• Activity: Extract, word for word, each line from the line holding "Convide a família" through the end of the records. Omit every picture.

++++++++

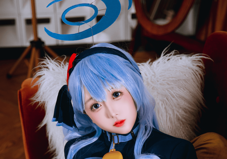 值得一提的是,日奈娇特别还原了角色经典的 “腰间设计” 与黑色长袜 + 厚底靴的搭配,既贴合游戏立绘的核心特征,又通过面料的质感呈现,让制服在居家场景中不显突兀。发间点缀的红色配饰与蓬松的淡蓝色卷发相得益彰,眉眼『妆容』以清新色调为主,眼尾微微上扬的弧度,恰好捕捉到亚子 “认真中带点小俏皮” 的神韵,仿佛从游戏里走出来的风纪委员,在自家客厅开启了 “带薪摸鱼” 模式。
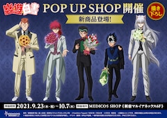 ポップアップストアでは幽助、桑原、蔵馬、飛影、妖狐蔵馬がタキシードに身を包み、花束を手にした描き下ろしイラストを用意。会場で同イラストを使った新商品の販売や特典カードの配布を行うほか、等身大パネルを展示する。なおポップアップストアの商品は、MEDICOS ONLINE SHOPで事後通販される予定。通販で購入した商品にも特典カードが付属する。
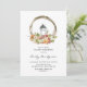 Convide a família e os amigos para o seu evento com este convite de chá de fraldas caprichoso e rústico. Apresenta a queda de aquarela na coroa floral composta por rosas, híbridos, folhagem, abóboras e lanterna com um padrão floral de queda correspondente. Perfeito para chás de fraldas de outono ou outono. Personalize adicionando eventos, nomes, data, hora, local e outros detalhes.
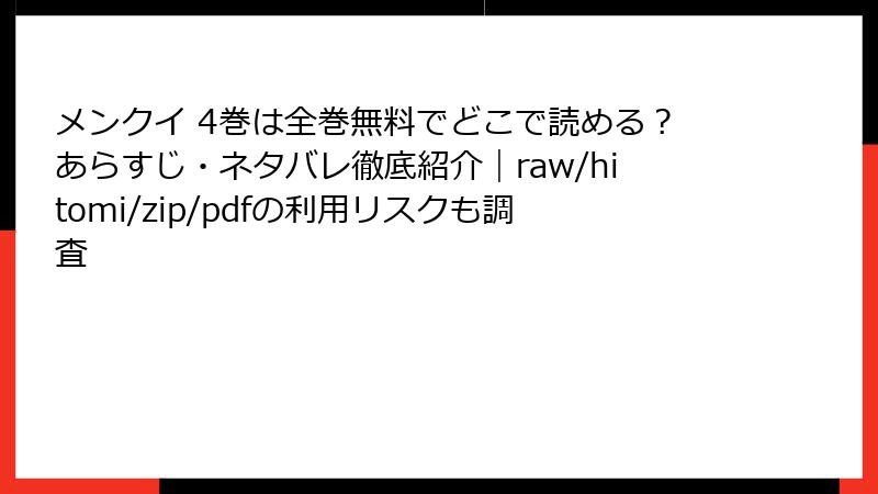 配信状況は変動する可能性があるため、最新情報を各サービスで確認してください。また、海賊版サイトの利用は避け、正規ルートで作者を支援しましょう。「メンクイ」4巻はこれらのサービスで幅広く読め、ファンにとってアクセスしやすい環境です。魅力的なストーリーを存分に楽しんでください。
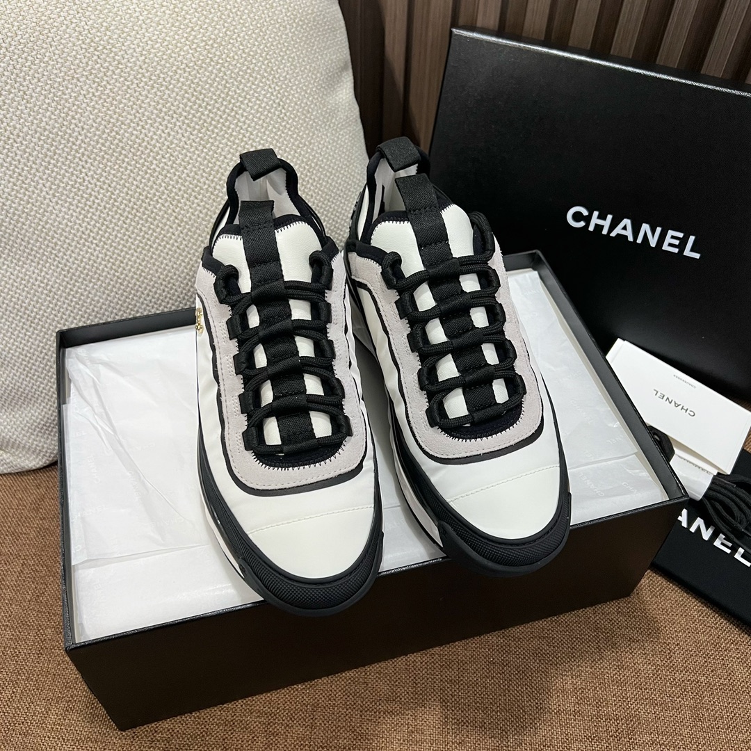 샤넬 믹스드 파이버 스니커즈 패브릭 카프스킨

++++++++

• Task response:
 Convide a família e os amigos para o seu evento com este convite de chá de fraldas caprichoso e rústico. Apresenta a queda de aquarela na coroa floral composta por rosas, híbridos, folhagem, abóboras e lanterna com um padrão floral de queda correspondente. Perfeito para chás de fraldas de outono ou outono. Personalize adicionando eventos, nomes, data, hora, local e outros detalhes.
 配信状況は変動する可能性があるため、最新情報を各サービスで確認してください。また、海賊版サイトの利用は避け、正規ルートで作者を支援しましょう。「メンクイ」4巻はこれらのサービスで幅広く読め、ファンにとってアクセスしやすい環境です。魅力的なストーリーを存分に楽しんでください。
 샤넬 믹스드 파이버 스니커즈 패브릭 카프스킨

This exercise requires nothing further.